Your goal:
The lines from the one holding "Asymmetrical Hem Tie" through the end of the records below are to be written out exactly, and nothing else; pictures are to be left out.
Segment Open
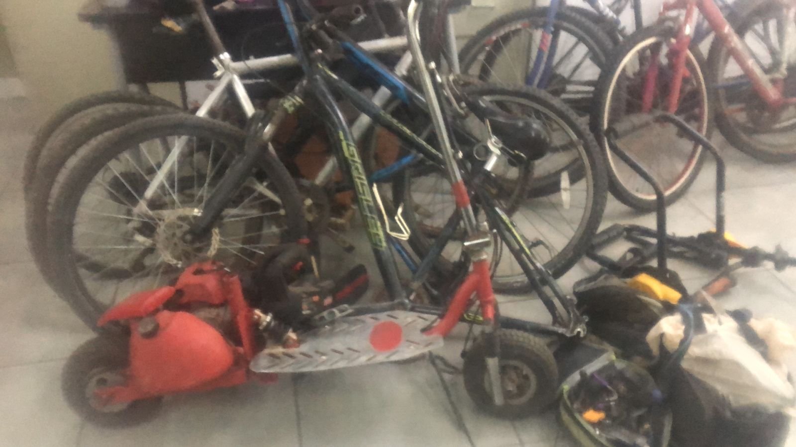 Elementos de la Agencia Estatal de Investigación (AEI), aseguraron durante un cateo en una vivienda de colonia PRI, diversos artículos entre los que se encuentran bicicletas y diversos aparatos, durante una investigación judicial en proceso.
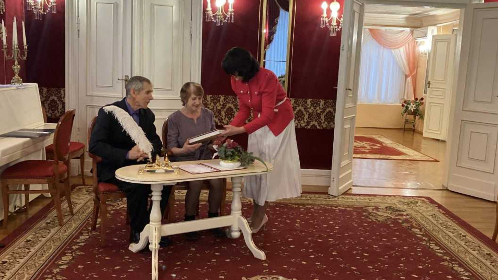 В день «золотого» супружеского юбилея, супруги расписались в книге почетных юбиляров Чистопольского Дворца Бракосочетания.
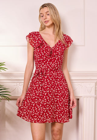 Asymmetrical Hem Tie Belt Mini Dress in White Blue Floral
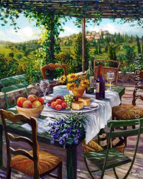 We offer 100% handmade reproduction of Sung Kim garden terrace painting for sale.
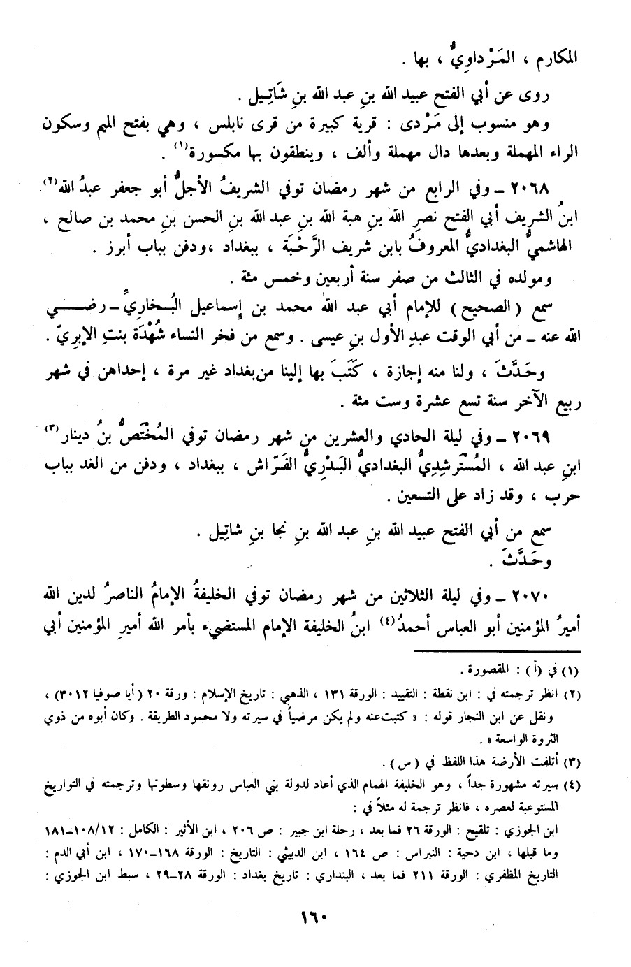 2069 - وفي ليلة الحادي والعشرين من شهر رمضان توفي المختص بن دينار بن عبد الله، المسترشدي البغدادي البدري الفراش، ببغداد، ودفن من الغد بباب حرب، وقد زاد على التسعين.
Segment Closed
Reply to the task:
 Asymmetrical Hem Tie Belt Mini Dress in White Blue Floral
 We offer 100% handmade reproduction of Sung Kim garden terrace painting for sale.
 2069 - وفي ليلة الحادي والعشرين من شهر رمضان توفي المختص بن دينار بن عبد الله، المسترشدي البغدادي البدري الفراش، ببغداد، ودفن من الغد بباب حرب، وقد زاد على التسعين.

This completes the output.